Just as important, Peter Singer, one of the world’s most recognized public philosophers, has been a leading voice in the campaign for animal welfare. His book The Ethics of What We Eat (2006), with co-author Jim Mason, presents a strong agenda based on a bioethical approach for a global rethink on food and the way we live. In Australia in 2011, for instance, after the food industry’s treatment of animals was graphically shown on the ABC current affairs program Four Corners, a public outcry led to the suspension of the live beef export trade. And in another paper in this issue of the JBI, Christine Parker, Carly Brunswick, and Jane Kotey demonstrate that even “free-range” farming in the egg industry “does not necessarily address all of the problematic issues with hen welfare” (2013, under “Abstract”).
Similarly, three recent instalments of the influential Quarterly Essay have focused on ecological issues: “Man-Made World: Choosing Between Progress and Planet” by Andrew Charlton (2011), “After the Future” (about species extinctions) by Tim Flannery (2012), and “Us and Them” by Anna Krien (2012). This last piece is a plea for us to understand the basis for our relationship with animals and to move away from anthropomorphic relativism. These essays, which represent about three-quarters of the latest output of that Australian journal, make clear that ecology is the central plank of modern progressive thought and action. This includes both climate change and issues surrounding food (which are, of course, linked).

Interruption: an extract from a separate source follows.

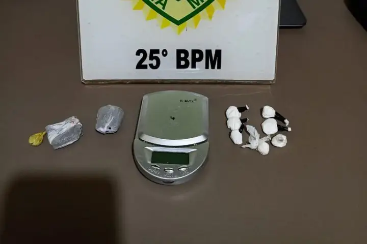 Com ele, os policiais encontraram as 7 buchas da droga que totalizavam 4,4 gramas, além da balança de precisão utilizada para medir a substância. As equipes então foram até a residência do autor, e encontraram mais 7,8 gramas de substância com características de maconha.

Both food safety and food security encourage increasing governmental control and surveillance of the food industry. An imperative also exists for each of us to contemplate the sources of our nutrition and the ways in which our animal brethren are cared for and killed. As a sceptical public we should seek out more ethical, holistic, and ecologically healthy means of food production. It is perhaps a positive sign that philosopher and founder of anthroposophy Rudolf Steiner’s biodynamic method of farming is increasingly being practised: This is an approach based on spiritual and cosmic ideas that blend respect for nature with a sense of ecology and connection. But more needs to be done.
While a technically driven progressivism, including with regard to food production, has undeniably brought benefits, unfortunately this also has encouraged a collective delusion that human beings can fly above and apparently increasingly detach from nature and our origins. Alfred Packer and others who have been stranded in the “wild” know the dangers of this all too well. Moreover, like Willoughby, in our “success and fame” we have assumed “a license and an encouragement to behave as outrageously” as we please. This comes at a price—some of it in the physical world and some in the moral domain, though ultimately these are one. Global economic trends need to be tempered by ethical reflection and, as seen in this issue of the Journal of Bioethical Inquiry, the field of bioethics demonstrably has an important seat at the dining room table.
Alfred Packer, the “prospector, cannibal, and possible murderer” is “sometimes known as Alferd” (Di Stefano 2006, 181).
See, e.g., R v. Dudley and Stephens  14 QBD 273 DC; the 1846 Donner party in the Sierra Nevada Mountains; Alexander Pearce of Tasmania; the 1972 plane crash in the Andes, etc.; as well as Lon Fuller’s fictitious legal “Case of the Speluncean Explorers” (1949). Even during Alfred Packer’s time (and in the “mountain culture” of the American West), anthropophagism was not illegal (Di Stefano 2006).